Your goal » Using the records below, write out only the lines from the line containing "소상공인 등 지역가입자" up to and including the line containing "Books / Psalms", exactly, with no pictures.

Records »
--*--

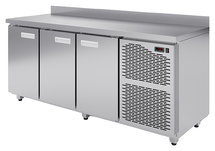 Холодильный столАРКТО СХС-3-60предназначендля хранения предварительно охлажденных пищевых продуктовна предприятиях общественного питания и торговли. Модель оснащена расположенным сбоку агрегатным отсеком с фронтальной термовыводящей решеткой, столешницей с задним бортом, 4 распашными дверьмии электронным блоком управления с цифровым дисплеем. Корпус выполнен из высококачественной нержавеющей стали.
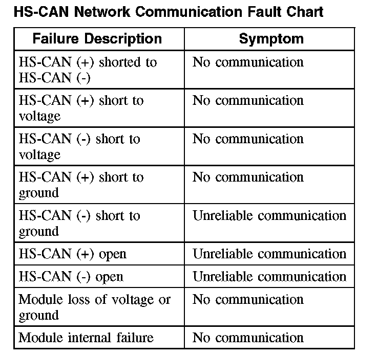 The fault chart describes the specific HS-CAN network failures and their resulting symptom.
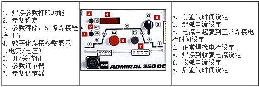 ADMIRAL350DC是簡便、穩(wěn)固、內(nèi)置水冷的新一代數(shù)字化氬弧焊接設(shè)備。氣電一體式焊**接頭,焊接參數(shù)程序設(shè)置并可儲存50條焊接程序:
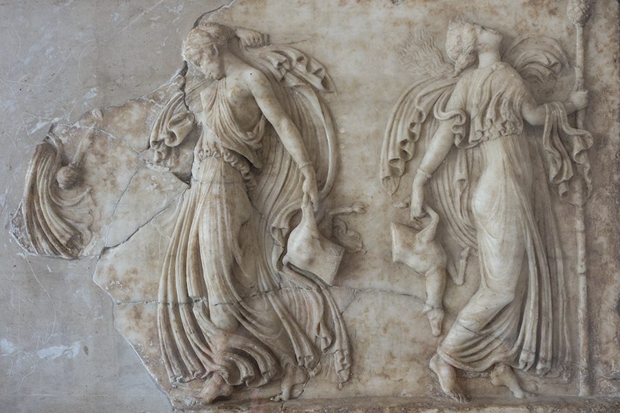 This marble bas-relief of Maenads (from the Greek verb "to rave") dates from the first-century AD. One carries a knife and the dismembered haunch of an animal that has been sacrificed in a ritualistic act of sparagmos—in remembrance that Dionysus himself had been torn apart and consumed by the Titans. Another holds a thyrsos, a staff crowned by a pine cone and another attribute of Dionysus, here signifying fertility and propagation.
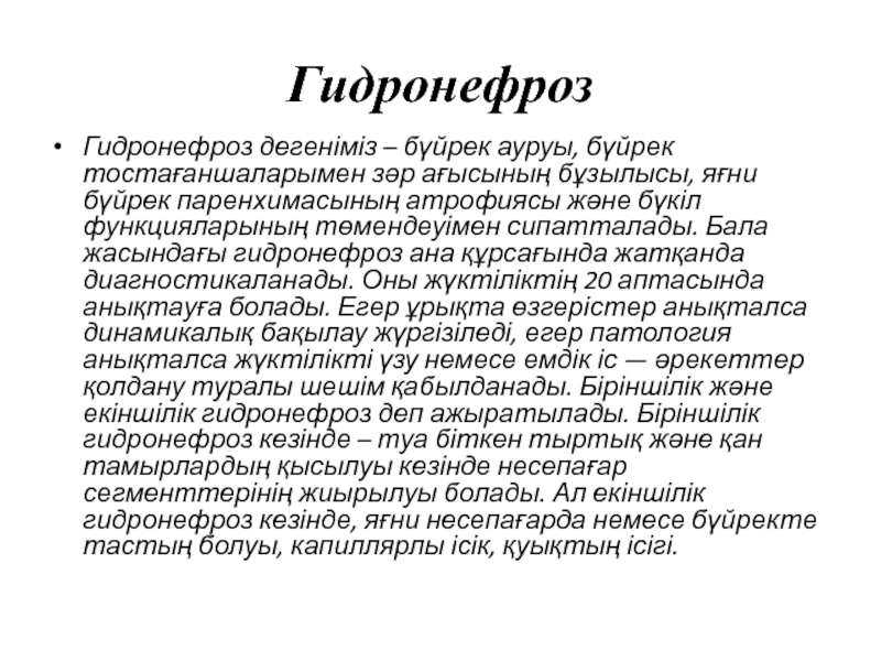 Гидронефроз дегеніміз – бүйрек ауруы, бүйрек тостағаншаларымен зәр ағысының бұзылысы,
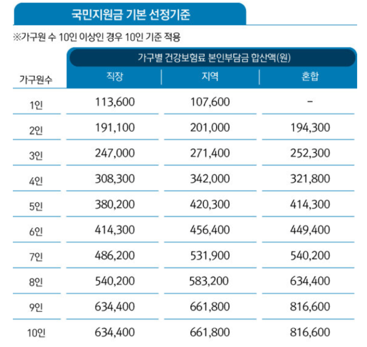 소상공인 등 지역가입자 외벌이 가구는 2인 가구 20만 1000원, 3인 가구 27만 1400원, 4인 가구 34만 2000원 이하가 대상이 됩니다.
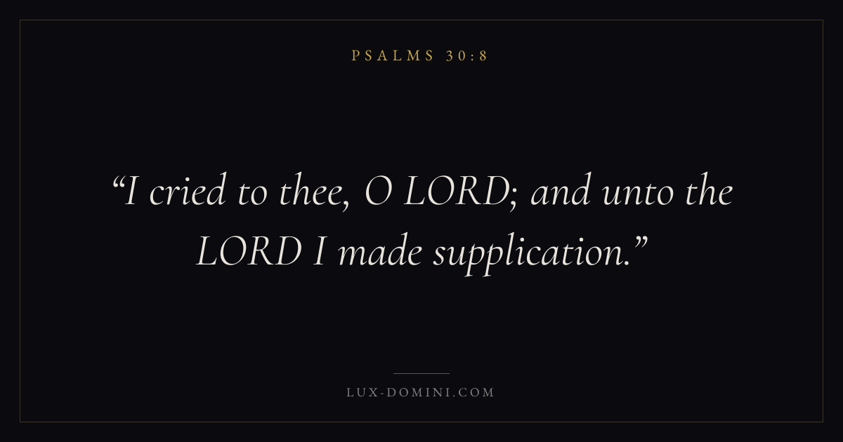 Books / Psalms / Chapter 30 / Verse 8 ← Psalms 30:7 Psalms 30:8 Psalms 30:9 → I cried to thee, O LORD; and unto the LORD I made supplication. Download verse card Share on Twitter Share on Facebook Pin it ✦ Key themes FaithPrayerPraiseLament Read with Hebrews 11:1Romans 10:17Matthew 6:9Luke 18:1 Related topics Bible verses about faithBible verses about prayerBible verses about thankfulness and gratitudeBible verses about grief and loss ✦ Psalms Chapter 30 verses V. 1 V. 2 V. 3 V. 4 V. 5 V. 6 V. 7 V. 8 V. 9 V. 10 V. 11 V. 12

--*--

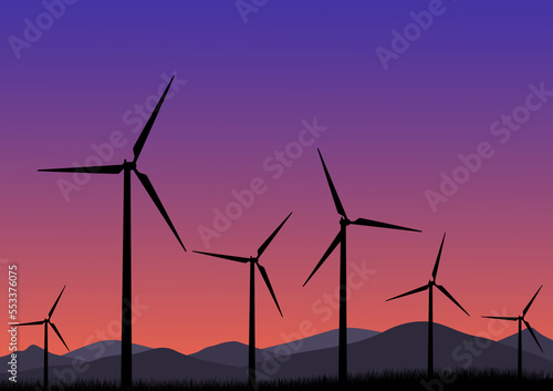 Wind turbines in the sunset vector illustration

--*--

Response to this task »
 소상공인 등 지역가입자 외벌이 가구는 2인 가구 20만 1000원, 3인 가구 27만 1400원, 4인 가구 34만 2000원 이하가 대상이 됩니다.
 Books / Psalms / Chapter 30 / Verse 8 ← Psalms 30:7 Psalms 30:8 Psalms 30:9 → I cried to thee, O LORD; and unto the LORD I made supplication. Download verse card Share on Twitter Share on Facebook Pin it ✦ Key themes FaithPrayerPraiseLament Read with Hebrews 11:1Romans 10:17Matthew 6:9Luke 18:1 Related topics Bible verses about faithBible verses about prayerBible verses about thankfulness and gratitudeBible verses about grief and loss ✦ Psalms Chapter 30 verses V. 1 V. 2 V. 3 V. 4 V. 5 V. 6 V. 7 V. 8 V. 9 V. 10 V. 11 V. 12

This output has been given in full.